Despite the enormous financial burden involved, staggering numbers of Catholics answered the call to Crusade, raising the question: why? It is a question with an answer that eludes modern man, but was clear to medieval man. Although there is no simple explanation for the overwhelming response to Urban’s Crusade, there is one factor that outweighs all others: faith. Medieval people were steeped in the Catholic Faith; it permeated every aspect of society and their daily life.
This is not to say that every Crusader was a saint or that every warrior who participated in this movement did so for pure and virtuous reasons. Nonetheless the medieval worldview was shaped and heavily influenced by the Faith of the Catholic Church and “for the majority of participants it is undeniable that the crusade proved to be a profoundly (though not obsessively) religious experience.”96 Medieval people saw Urban’s call to Crusade as a highly unique, once-in-a-lifetime opportunity to provide for their spiritual health and increase their chance of salvation. This recognition is reflected in the commentary of Robert of Rheims who believed “only the creation of the world and Christ’s Crucifixion could match the Crusade.”97 In that vicious and violent age most laymen, especially the nobility, believed it was extremely difficult for those not in a monastery to go to heaven. The Church constantly warned warriors that battling over land holdings against fellow Christians placed their souls in danger, and this alone provided sufficient motivation for many to take the cross. The desire of warriors to perform penances for their sins and the ability to utilize their martial skills in an armed pilgrimage was “one of the chief attractions of the First Crusade … now at last the laity had a task to perform, pleasing to God, for which they were especially equipped and which professed religious were not permitted to undertake.”98 Again, this is not to argue that faith was the only motivator for warriors on Crusade, but it was the primary reason why the majority participated.
Faith is certainly a more reasonable explanation than material gain. If material reasons had been paramount, would it not have been far easier and safer for Western warriors to stay home and fight their neighbors rather than travel 2,500 miles to a distant and completely alien land? It used to be fashionable in academic circles to attribute motivation for participating in the Crusades to second-and third-born sons who, due to the traditions of inheritance in medieval Europe, could not inherit property. Faced with a large population of marauding and landless warriors, it was said, the Church marshaled these forces and sent them to the Holy Land where they could acquire land.
This theory has been thoroughly debunked by examining the actual records of those who went on Crusade. It was not the younger but rather the first-born sons of French families who overwhelmingly participated in the First Crusade.

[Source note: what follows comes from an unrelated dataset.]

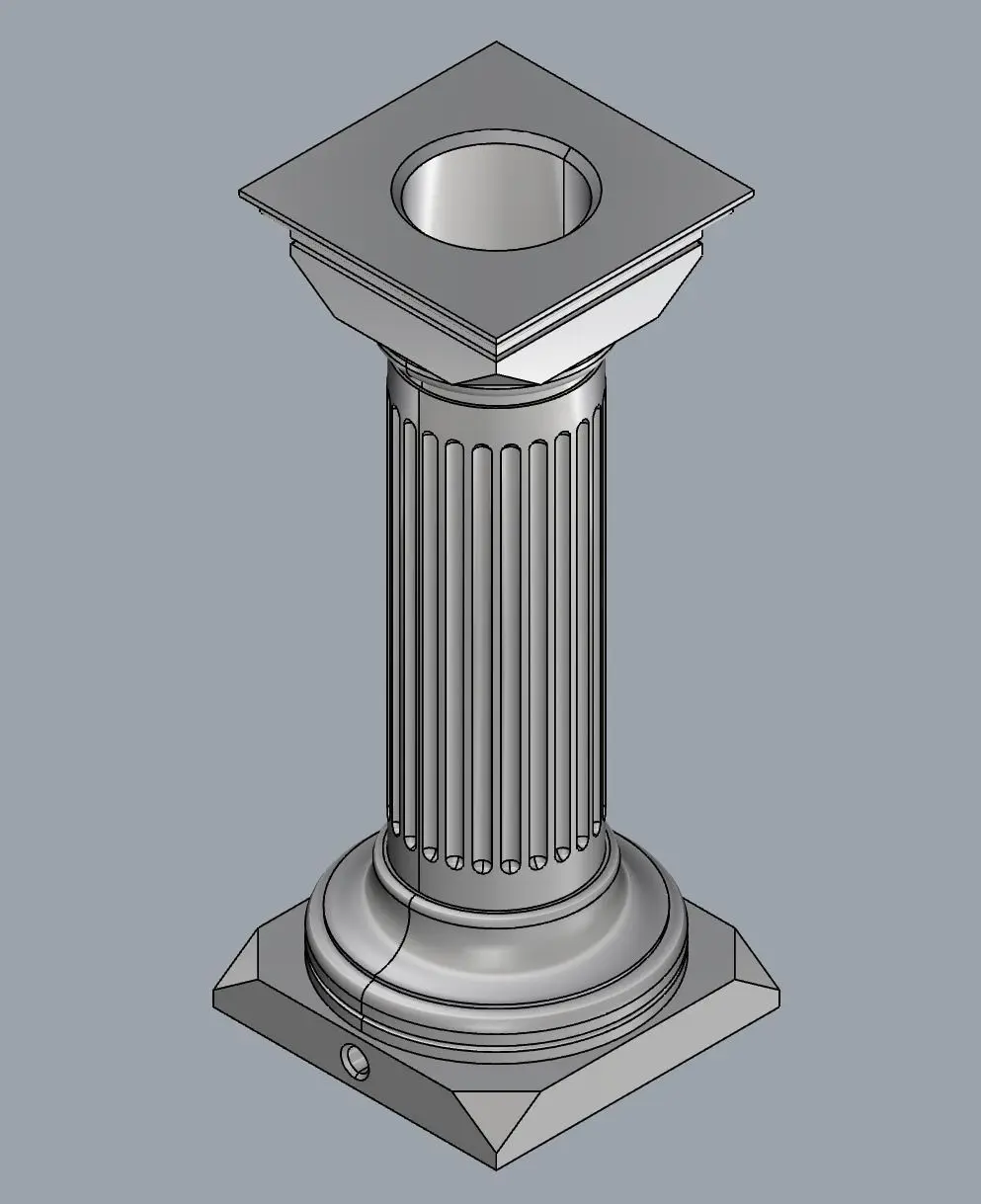 3D Model of a classical architectural element, a Doric Order Column used in ancient greek and later roman architecture. This model has been designed to hold a standard E27 bulb on the top with input wiring channel to the back for a clean and neat interior decoration. Distinct shadows will be casted by the bulb as it seats atop the column.
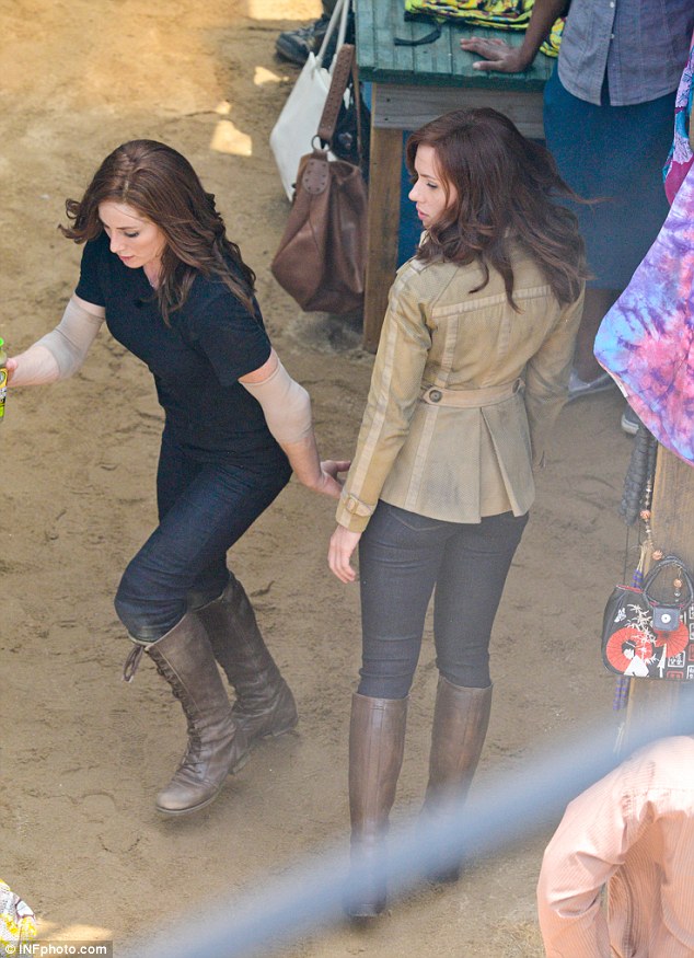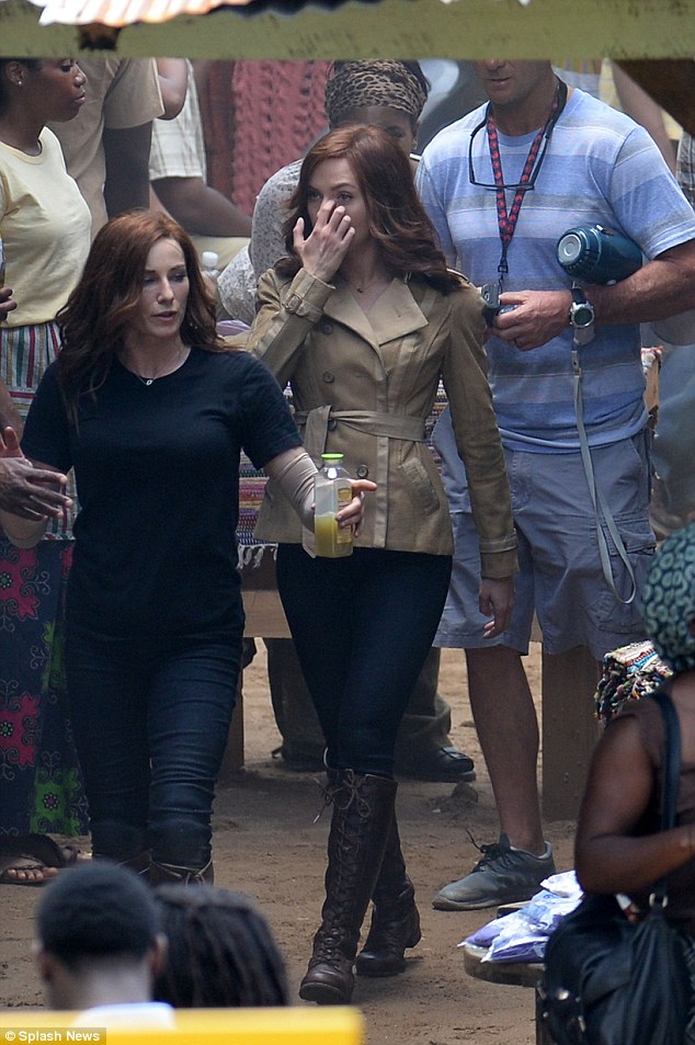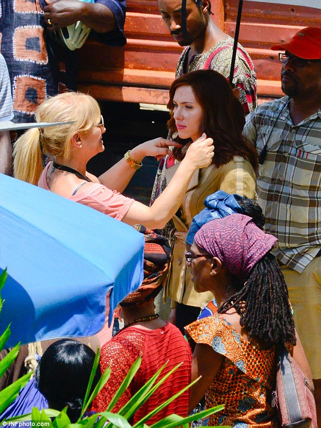 斯嘉丽·约翰逊(Scarlett Johansson)也出现在了美国队长的拍摄现场,她穿着棕色的过膝长靴,黑色的紧身裤和皮衣,当然也少不了黑寡妇标志性的红头发。她看上去也同样卷入了一场难缠的打斗,她身上到处都是尘土——甚至比她的替身演员还要狼狈。

In other words, it was the men who stood to lose everything. And indeed, participating in the Crusade was a bad investment for medieval warriors, the vast majority of whom returned (if they returned) materially poorer for the experience.
We know, too, that most of those who survived the expedition and made it to the Holy Sepulchre returned home afterward; they did not stay to acquire feudal land holdings. The Crusade was a pilgrimage, and just like modern-day pilgrims who visit a shrine or church for a period of time and then return home, so did the warriors of the Crusades. After the First Crusade, there were some nobles who stayed in the Holy Land and created what are known as the Crusader States, but these areas always suffered from a lack of military manpower because of the very episodic nature of Crusading and the desire of most warrior-pilgrims to return home.
War as Penance
Although his calling of the Crusade was unprecedented, perhaps Urban’s most revolutionary act was creating the view that war could be a penitential act in the same vein as prayer and fasting. Participants in a Crusade believed that its religious value derived not just from its achievement of an objective like the capture or recovery of Jerusalem, but also from the way the combatants behaved
while fighting to bring this about.”99 Crusaders were expected to act as penitents during the expedition by dressing simply, and were forbidden from activities usually associated with armies: swearing, gambling, and prostitution. Violating these rules could result in death, mutilation, or public humiliation.100
Crusaders spiritually prepared themselves to go on Crusade by seeking forgiveness for their sins from the neighbors, by asking those remaining at home to pray for them while on Crusade, and through various personal spiritual devotions and exercises.101 Before departing, many warriors visited local or regional shrines, fasted, prayed, and gave alms.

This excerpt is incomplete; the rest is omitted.